Sentencing Ashley, His Honour Judge David Goodin said: “These are not trivial offences, neither are they minor infringements. There is nothing trivial about a rocket launcher, mortars, riot guns and anti-tank guns.

“You were a respected firearms dealer in this county, working for the police force. You have held the authority of the Home Office to possess some prohibited weapons, while your military bearing, punctilious courtesy and undoubted skill as a gunsmith gave you deserved respect.

“It became apparent during your long trial that you had created a world of fantasy about yourself and your military service - a world in which you preferred to live.

“That would be unremarkable in a small boy, and even in an adult living in his own world of make-believe it would not be a cause for concern, but not when that adult is a registered firearms dealer, authority holder, and holder of firearms and shotgun certificates.
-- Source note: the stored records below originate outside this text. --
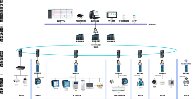 现场设备层负责电、水、气、暖和环境参数的采集与上传。现场设备层由多功能电力仪表、多功能电能表、智能水表、智能气表、温湿度传感器等采集装置组成。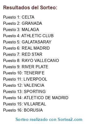 Lista de participantes: SPORTING, CELTA, BORUSIA, REAL MADRID, ATLETICO DE MADRID, TENERIFE, ATHLETIC CLUB, VILLAREAL, VALENCIA, RED STAR, GRANADA, RIVER PLATE, MALAGA, LIVERPOOL, RAYO VALLECANO, GALATASARAY.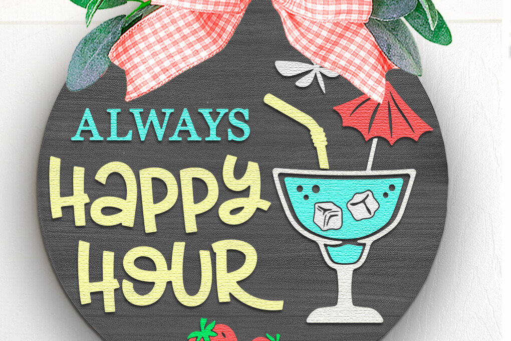 Intra απο ξύλο plywood 3mm-4mm πάχος Always Happy Hour , Summer Door Sign Δίασταση 10×10 cm INTRAFABR-118427327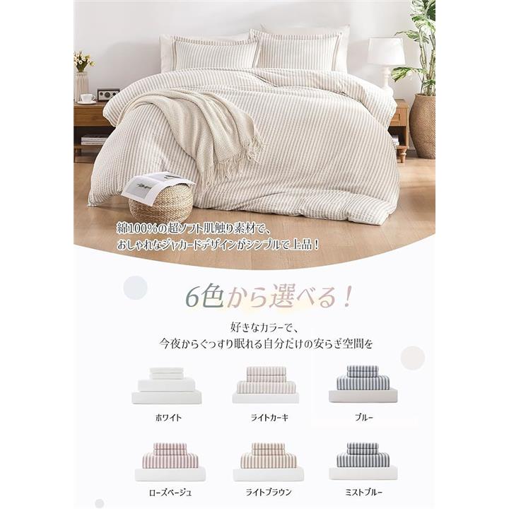 MILDLY 寝具カバーセット 布団カバーセット 綿100% 4点セット ソフト肌触り ベッドカバーセット 自用・来客用・贈答用 掛け布団カバーに固定ひも8本&側面ファスナー ボックスシーツ全周伸縮バンドで簡単着脱 布団カバー |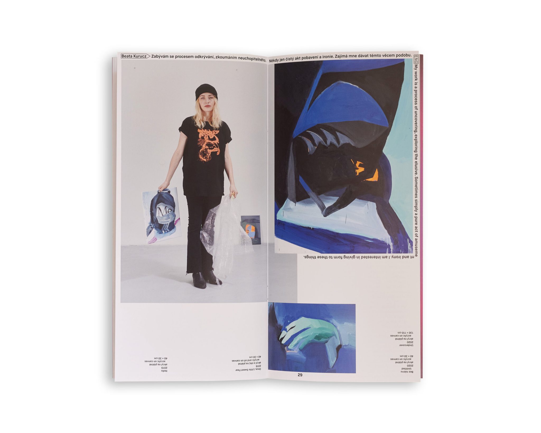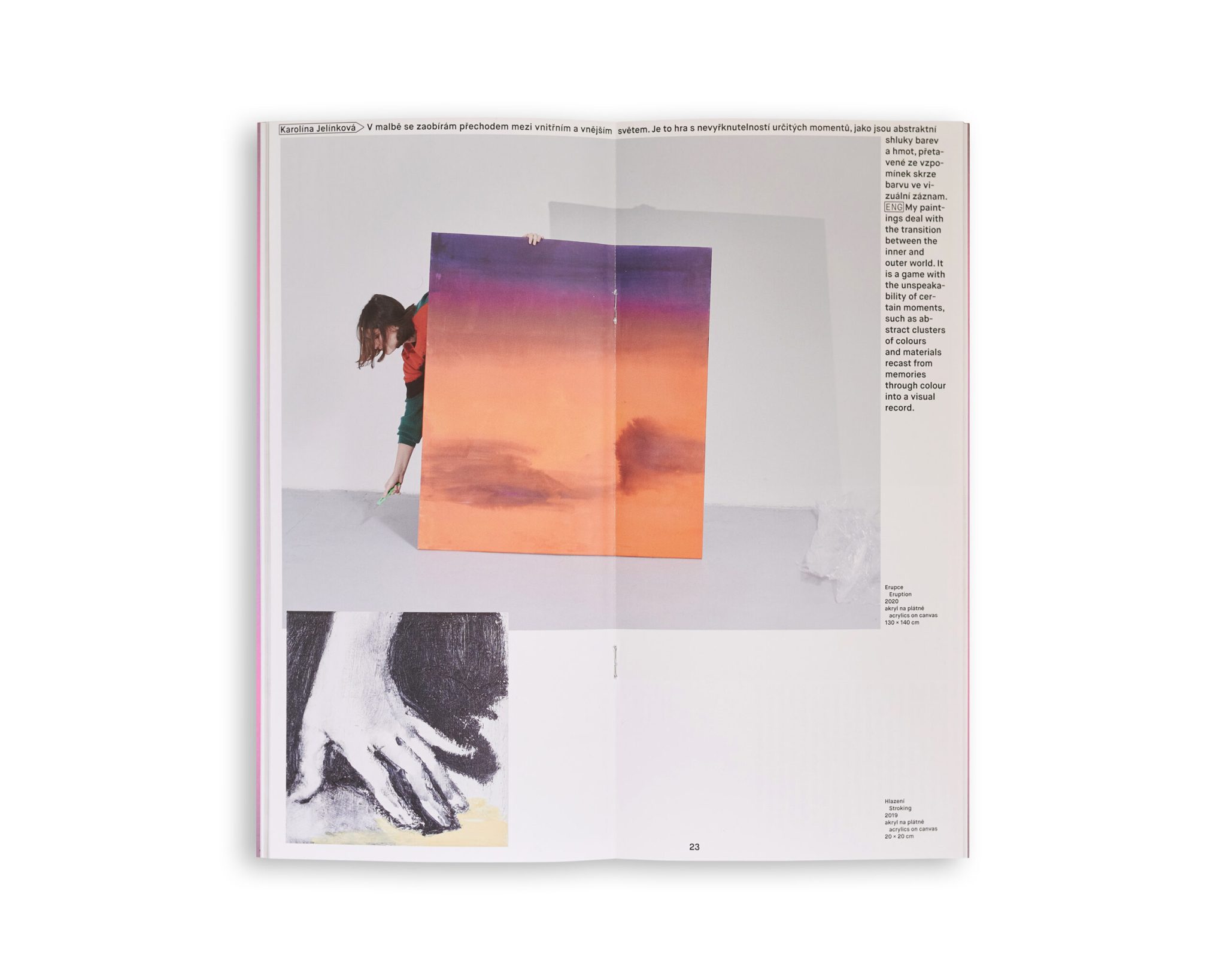 The term "painting" is feminine, which is why Trafo Gallery chose the name of the exhibition of the youngest Czech painting by recent AVU graduates with the words HER painting. It outlines the generation statement of eleven budding authors, born in the 90s and entering the art scene right now. Most of the selected works move in the interface between personal touching of the world, including the private, sometimes intimate sphere of life, and between the search for expression for hard-to-name emotions, material and social conditions. An essential moment here is the specifically feminine way of sensitivity and criticality, which makes the area of personal experience present against the background of recurring – mundane and extraordinary – rituals and dramas. The statement line of the clash between life assumptions and actual reality is very stimulating.
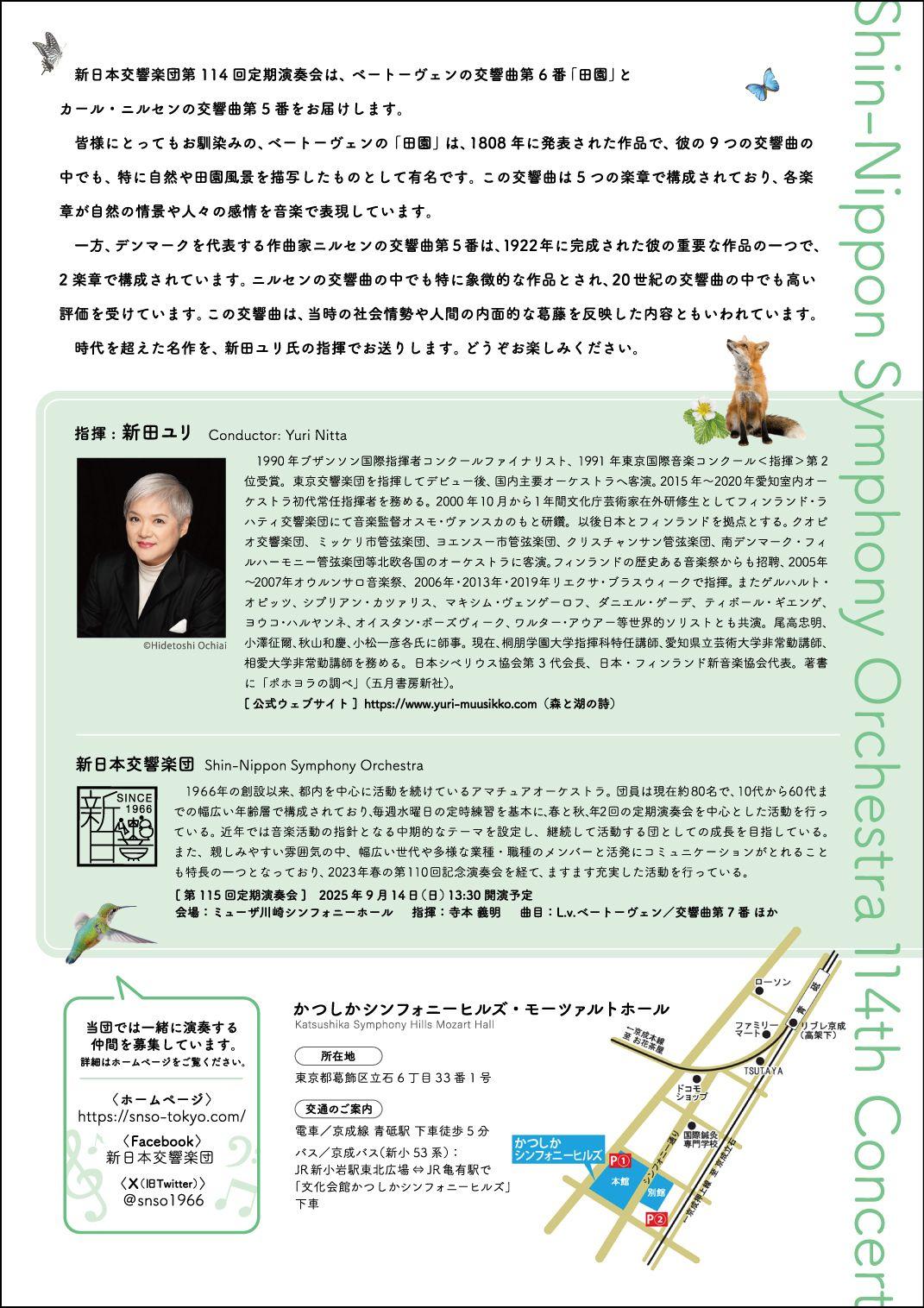 新日本交響楽団第114回定期演奏会は、ベートーヴェンの交響曲第6番「田園」とカール・ニルセンの交響曲第5番をお届けします。
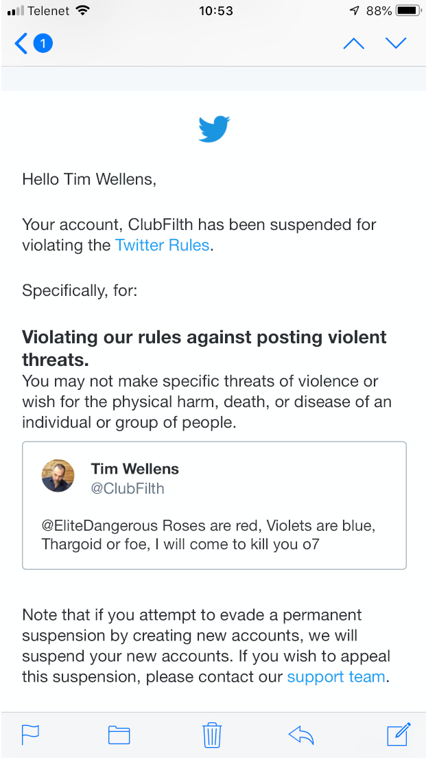 Természetesen jöttek válaszként a frappáns versikék, azonban volt egy, ami kiemelkedik az összes közül. Egy Tim Wellens nevű felhasználó ugyanis egy hangyányit félreérthető tweetben reagált a fejlesztőknek, amiért kitiltást kapott a Twitter által „erőszakos fenyegetés” címszóval.

“I have no doubt at all that you regard yourself as a thoroughly law-abiding citizen, and I have no doubt in every respect but one you are exactly that.”

Judge Goodin went on to accuse Ashley of “deliberately flouting” the law, but said the former dealer was still held in high regard due to his years of dedicated service.

He made no order as to costs, and ruled the weapons confiscated would remain with the police - but said ones properly regarded as antiques may be returned to Ashley.

Following the hearing, Ashley's solicitor said his client intended to appeal against one of the convictions.